A todo eso, la emisora lleva 20 años emitiendo, sorteando supuestas presiones, ajena al nerviosismo que, en un momento dado, puede advertirse en la manera como sus responsables suben o bajan las escaleras. Si son marionetas de un oscuro poder, como les acusan fiscales de desigual autoridad, lo disimulan. Nadie me ha llamado para pedirme que me contenga (una vez me invitaron a tomar una copa para hablar de radio en el Zanzibar y no parecieron tener en cuenta que nunca haya votado a CiU). Nadie me ha dicho lo que tengo que decir (y eso que me he saltado semáforos precisamente para ver si se confirmaba la leyenda represora, pero ni por esas). Llevo años teniendo, en régimen de multipropiedad, una silla del Estudio 1, ése que da a una calle por la que he visto desfilar sonrisas, escupitajos o cuerpazos capaces de dejarte mudo (Mónica Van Campen se detuvo un día en la esquina de Diagonal-Beethoven, la figura geométrica del atajo y un músico sordo: el lugar ideal para una radio y, de repente, el tiempo empezó a lentificarse como en esas escenas de Matrix en las que miran pasar las balas).

En el edificio gobernado por la experiencia de J. M. Moreno (llegó 10 años antes de que inauguraran la radio: es un tío previsor), puedes cruzarte con gente que trabaja, o que comparte chismes, o que llama a casa para decir que llegará tarde. Los he visto envejecer, tener hijos, engordar, perder pelo, hacer huelga, separarse y ellos podrán decir lo mismo (y cosas peores) de mí, pero, sobre todo, los he visto trabajar, una actividad que, por ahora, todavía es legal. Tranquilos: no les soltaré el rollo de la gran familia y la magia de la radio. Pero en ocasiones, sobre todo de noche, la emisora respira su dimensión más agradable: lejos de mundanales minutajes, imponiendo su vocación de acompañar, en un catalán mejorable, a una media de 673.000 oyentes, gente que conduce, plancha, siembra, cocina o duerme abrazada al transistor. En la puerta, el agente de seguridad fuma un pitillo. Lleva un miniauricular por el que escucha a un ignorante confeso o los delirios de un disc-jockey que, de pie sobre la mesa, baila como un poseso. ¿Será eso motivo de investigación parlamentaria?

Si subes a según qué pisos, te encuentras a gente cada vez más joven que, de niños, quizá escucharon a Mikimoto, Carles Pérez, Jordi Beltran, los hermanos Cuní, Joaquim Maria Puyal, Jordi Arbonès, Neus Bonet, Jordi Lucea o Xavier Solà. ¿No es eso pluralidad? Y, dentro de las peceras, están los técnicos. Suelen llevar camisetas más radicales que las de redactores o locutores.
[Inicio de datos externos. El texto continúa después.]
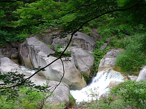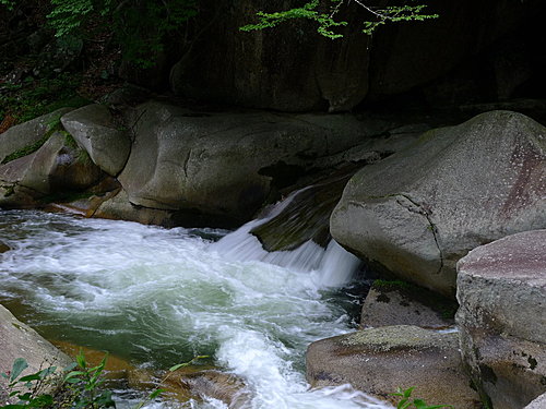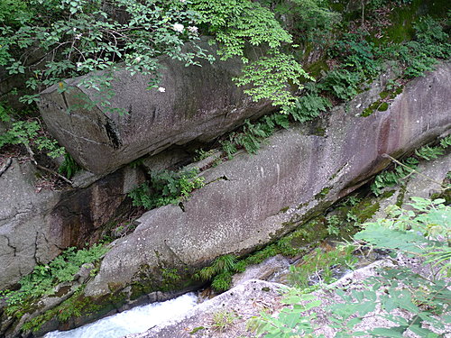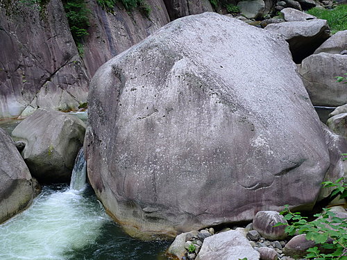 甌穴地形:照片中左邊兩塊石頭,中間有白色急流的就是。因為溪水、瀑布挾帶著小石頭急速流下,將堅硬的花崗石沖激切開而形成。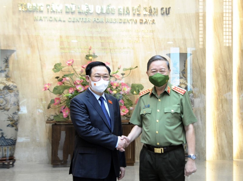 Chiều 27/8, đồng chí Vương Đình Huệ, Ủy viên Bộ Chính trị, Chủ tịch Quốc hội đã đến thăm, làm việc tại Trung tâm Dữ liệu Quốc gia về dân cư, thuộc Cục Cảnh sát Quản lý hành chính về trật tự xã hội (QL...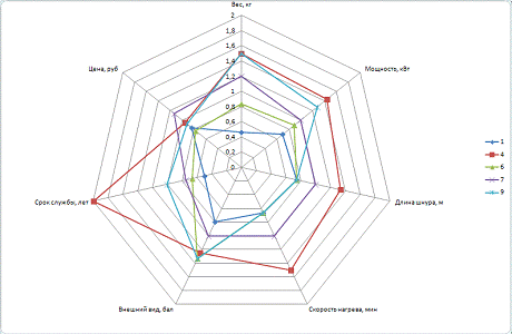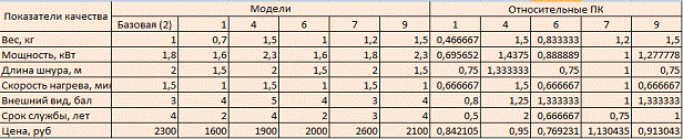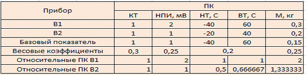 Необходимо вычислить значения комплексного показателя качества приборов на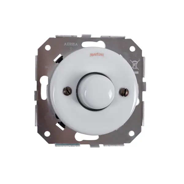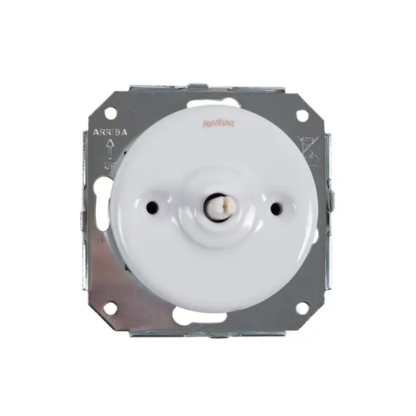 Infälld återfjädrande dubbeldimmer i vit porslin utan ram och vred i ett utförande som var vanligt förekommande i Europa under 1900-talets första hälft.

Su mirada también es distinta: son escépticos por naturaleza y suelen andar más despacio. Si faltan 10 segundos y la conexión falla, tranqui, colega. En estos días de fastos y conmemoraciones, echo más de menos que nunca a algún ausente. A Ramon Barnils, autor del refrán: "Qui minut passa, programa empeny". A Jordi Vendrell, que transgredió las normas de dicción y tempo, esas que están reduciendo el dial a un dinamismo artificial. ¿Que la emisora tiende a parecer un ministerio? Quizá, pero algunas privadas también parecen sucursales bancarias y eso no quita para que escuchar la radio siga siendo un placer.